Zelenskyy responded to that criticism on Tuesday, saying he was ready for elections.

“Moreover, I am now asking — and I am stating this openly — for the United States, possibly together with our European colleagues, to help me ensure security for holding elections,” he told reporters on WhatsApp. “And then, within the next 60–90 days, Ukraine will be ready to hold them.”

Until now, Zelenskyy has declined to hold an election until a ceasefire is declared, in line with Ukrainian law that prevents a poll from being held when martial law is in effect. Ukrainians largely support that decision.

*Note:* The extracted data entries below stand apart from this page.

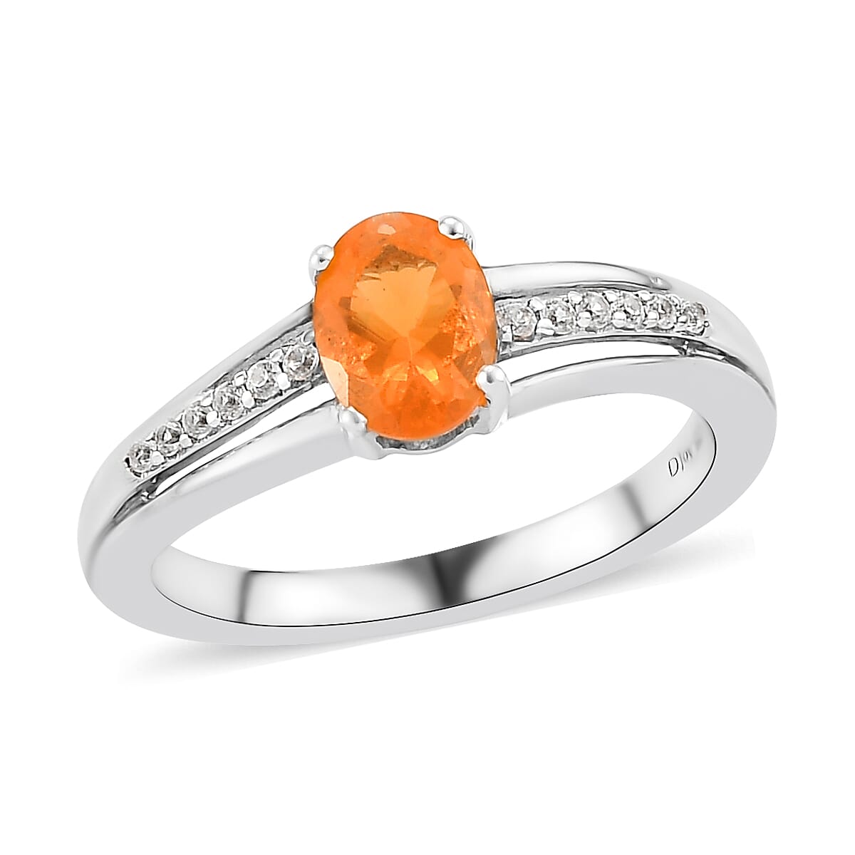 Jalisco Fire Opal and Natural White Zircon Ring in Platinum Over Sterling Silver 0.65 ctw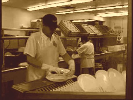 I lifted the plastic lid I was still scrubbing away at to the boys. “Hot water-hot water! Clean-clean!!” Then I banged the lid twice on the rim of my “manager sink” to drive home the point. I hoped using some of my “managerial muscle” would calm my boss down and get him off my back. Unfortunately he looked over by the emergency door.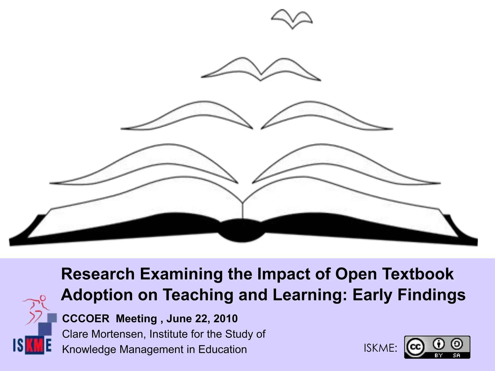 The document presents early findings on the impact of open textbook adoption on teaching and learning, focusing on institutional support, the creation and use of open textbooks, and the benefits and challenges associated with their implementation. Interviews with faculty reveal that open textbooks enhance interactive learning and faculty collaboration while providing financial savings for students. The next steps include further analysis and dissemination of findings aimed at contributing to peer-reviewed research in educational practices.
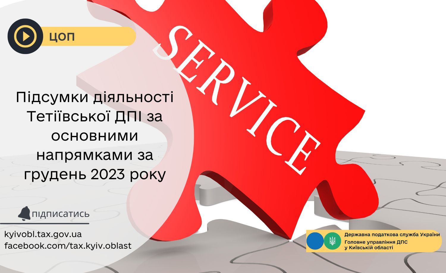 Відповідно до Регламенту діяльності ЦОП, Положення про центр обслуговування платників Тетіївської ДПІ, працівниками Тетіївської ДПІ у грудні місяці видано 196 карток платника податків, 9 відомостей з Державного реєстру фізичних осіб-платників податків про суми/джерела виплачених доходів та утриманих податків, зареєстровано 23 платник єдиного податку, видано 27 витяг з реєстру платників єдиного податку, зареєстровано 4 реєстраторів розрахункових операцій, зареєстровано 2 книг обліку розрахункових операцій, зареєстровано 2 розрахункову книжку.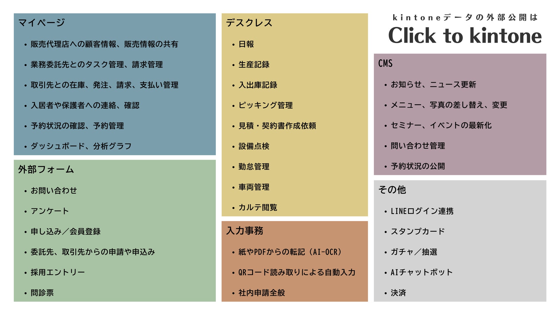 多くの企業では、kintoneのデータを外部に公開し、お客様やビジネスパートナーと効率的に情報共有をしたいというニーズがあります。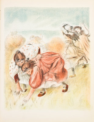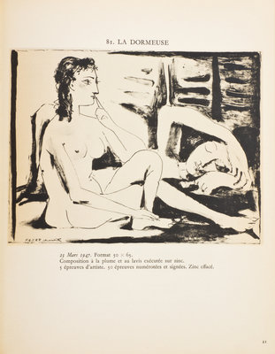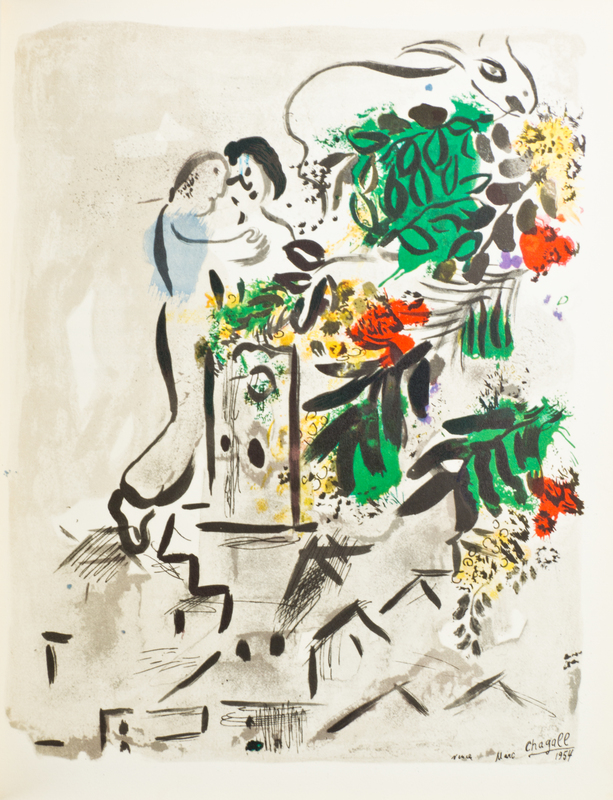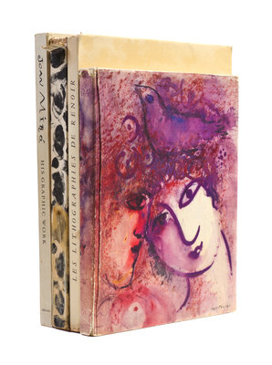 A group of four books.Marc Chagall. His Graphic Work. New York: Harry N. Abrams, (1957). 4to, publisher's pictorial cloth, dust jacket. Marginal chipping and small tears to jacket, repaired. Picasso lithographe II, 1947-1949. Monte-Carlo: Andre Sauret, (1950). 4to, publisher's stiff wraps. Numerous black and white and color illustrations throughout. Wear and light soiling to wraps; backstrip detached from text-block. Les lithographies de Renoir. By Claude Roger-Marx. Monte-Carlo: Andre Sauret, (1951). 4to, publisher's printed stiff wraps. Limited edition, number 2,376 of 3,000 copies on Grand Velin Renage Filigrane. Marginal chipping to wrappers; toning to edges of leaves; hinges starting. Joan Miro. His Graphic Work. New York: Harry N. Abrams, (1958). 4to, publisher's pictorial cloth. Rubbing and soiling to boards.

Here is a look at why Ukraine has not been able to hold elections so far:

A wartime election would be illegal

Ukraine has been under martial law since February 2022, when Russia launched its full-scale invasion. The country’s constitution provides for martial law in wartime, and a separate law bars the holding of elections while it remains in force.

Beyond being illegal, any nationwide vote would pose serious security risks as Russia bombs Ukrainian cities with missiles and drones. With roughly one-fifth of the country under Russian occupation and millions of Ukrainians displaced abroad, organizing a nationwide ballot is also widely seen as logistically impossible.

It would also be difficult to find a way for Ukrainian soldiers on the front line to cast their votes, The Associated Press said.

Although Zelenskyy’s term formally expired in May 2024, Ukraine's constitution allows him to legitimately remain in office until a newly elected president is sworn in.

What Trump said

In an interview with Politico published on Tuesday, Trump said it was time for Ukraine to hold elections.

“They’re using war not to hold an election, but, uh, I would think the Ukrainian people ... should have that choice. And maybe Zelenskyy would win. I don’t know who would win.

“But they haven’t had an election in a long time. You know, they talk about a democracy, but it gets to a point where it’s not a democracy anymore.”

Trump's comments on elections echo Moscow's stance. The Kremlin has used Zelenskyy’s remaining in power after his expired term as a tool to cast him as an illegitimate leader.

What Zelenskyy said Zelenskyy reiterated previous statements that the decision about when to hold elections was one for the Ukrainian people, not its international allies.

The first question, he said, is whether an election could be held securely while Ukraine is under attack from Russia. But in the event that the US and other allies can guarantee the security of the poll, Zelenskyy said he is asking lawmakers to propose legal changes that would allow elections to be held under martial law.

“I’ve heard it suggested that we’re clinging to power, or that I’m personally holding on to the president’s seat, that I’m clinging to it, and that this is supposedly why the war is not ending. This, frankly, is a completely absurd story.”

Zelenskyy has few political rivals

Holding elections in the middle of a war would also sow division in Ukrainian society at a time when the country should be united against Russia, Zelenskyy has said.

One potential candidate who could challenge Zelenskyy in an election is former army chief Valerii Zaluzhnyi, the current Ukrainian ambassador to Britain. Zaluzhnyi has denied plans to enter politics, though public opinion surveys show him as a potential Zelenskyy rival.

Petro Poroshenko also is a key political rival of Zelenskyy’s and the leader of the largest opposition party. He is unlikely to run again, analysts said, but his backing of a particular candidate would be consequential.